- Born: October 7, 1949 (age 76) Lawrence, Massachusetts, U.S.
- Education: Syracuse University
- Occupation: Sportscaster
- Years active: 1980s–present

= Ed Coleman (sportscaster) =

American sports broadcaster

Edward F. Coleman (born October 7, 1949) was a radio reporter for the New York Mets on WFAN.

==Early life==
Coleman graduated from Syracuse University in 1971.

==Career==
===WFAN===
He started his career on WFAN as Steve Somers' overnight update person in the 1980s before moving on and being replaced by Suzyn Waldman. He also co-hosted the afternoon show with Mike Francesa until Chris "Mad Dog" Russo was hired.

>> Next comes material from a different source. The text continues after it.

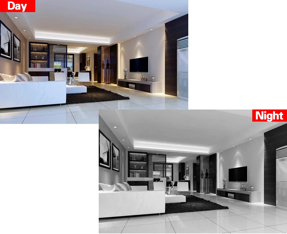 Умный фильтр, отсекающий ИК-спектр автоматически переключается между днем и ночью, чтобы уменьшить цвет в дневное время и повысить яркость изображения ночью, убедившись, что вы можете получить яркие кадры наблюдения от рассвета до темноты.

In the early 1990s, he co-hosted WFAN's midday show with Dave Sims. The show was nicknamed the Coleman and the Soul Man. When the show was canceled he was reassigned as WFAN's New York Mets beat reporter. Coleman's duties were expanded to being host of Mets Extra (and later a fill-in play-by-play) when former host Howie Rose was hired to do play-by-play for the Mets and the Islanders games on SportsChannel New York. Coleman hosted programs periodically throughout the baseball off-season as well as a weekly program on Sunday afternoon or evening during the National Football League regular season. From 1998 to 2002, he called St. John's Red Storm men's basketball games with Gary Cohen.

Coleman retired from WFAN on April 1, 2022.

===Olympics===
Coleman did some radio work for the 1988 and 1992 Summer Olympics, as well as the 1994 Winter Olympics. His big break in radio came in 1982, when he was the sports announcer during morning drive at WCAP, Lowell, Massachusetts after a stint at the short-lived Enterprise Radio Network. Coleman became a beloved person in the Lowell community, where the Spindle City Press Association's highest award is the Ed Coleman Award for journalistic achievement.